The Gay Tea Party Is In Trouble

The Gay Tea Party Is In Trouble

Jimmy LaSalvia and Christopher R. Barron, the founders of a gay conservative lobbying group that styled itself after the tea party, have never feared controversy.

They brought attention to their organization, GOProud, by picking fights with fellow gay activists and Republicans. They successfully courted the conservative firebrand Ann Coulter, whose reams of commentary on the subject of homosexuality include the remark that sexually active gay men should "feel guilty" about their behavior.

At the 2012 Republican National Convention in Tampa, Florida, as protesters gathered outside GOProud's well-attended "Homocon" bash with signs reading "Homosex Is Sin," Barron peered down from a second-floor balcony and grinned like a manic fan at a WrestleMania match. "This is f***ing awesome!" he said.

Now, Matthew Bechstein, a former intern who took over the group in July 2013, says all that controversy could lead to GOProud shutting down, or at least completely reinventing itself. (Bechstein led the group alongside another former intern, Ross Hemminger, until Hemminger left the organization in March of this year.)

"There are concerns among some of our membership and donors that the GOProud brand is associated with former controversies and certain people who are formerly associated with the organization," Bechstein told The Huffington Post. He declined to go into detail.

Barron, never one to shy away from an attack, laughed when he heard this explanation.

"What the hell were they talking about -- 'the brand has been damaged by controversy,'" he said. "The brand was built on controversy."

"The problem," he added, is that Bechstein and Hemminger "haven't done anything controversial."

Barron and LaSalvia announced that they were stepping down from their leadership posts in April 2013. In January, LaSalvia said that he was quitting both GOProud and the Republican Party, citing the "big government conservatives who run the party now" and "the tolerance of bigotry in the GOP."

Barron and several other board members left GOProud in February, after Bechstein and Hemminger told National Journal that the group had been invited to the Conservative Political Action Conference in Maryland after years of exclusion.

Barron disputed his successors’ claim, noting the CPAC organizers had never barred GOProud from attending the conference.

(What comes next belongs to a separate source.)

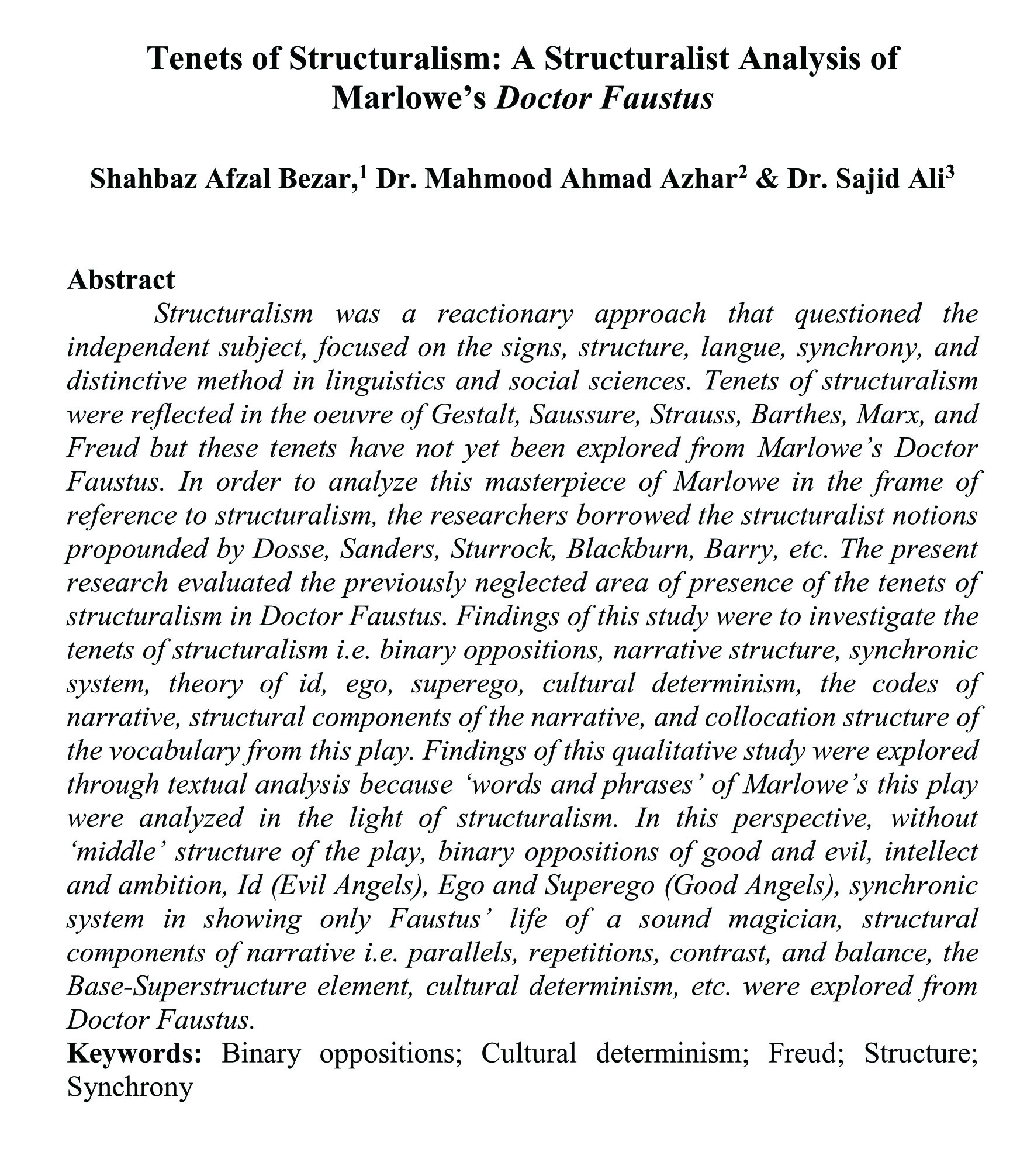 Tenets of Structuralism: A Structuralist Analysis of Marlowe's Doctor Faustus (abstract)

Rather, they had refused to allow GOProud to serve as a sponsor of the event or to set up a booth, a practice that continued even after Bechstein and Hemminger took over.

For four years, Barron said, GOProud was a "constant fixture on television, talk radio, in print, online, at conservative events all over the country." He contends that things haven’t been the same since he left.

"I don't know what these guys did," he said.

LaSalvia, who said he is now "kicking around a book idea" and "exploring opportunities," questioned whether there’s still a useful role for an organization like GOProud.

"Chris Barron and I set out to challenge conventional wisdom, and we had very simple goals: to demonstrate that all gays aren't left-wing liberals and all conservatives aren't anti-gay homophobes," LaSalvia said.

And then in a statement sure to stir up controversy with all his old foes -- gays, straights, conservatives and liberals -- he concluded, "We were wildly successful."

After publication of this article, Hemminger contacted HuffPost to say that he left the group in March 2014. The article has been updated to reflect this.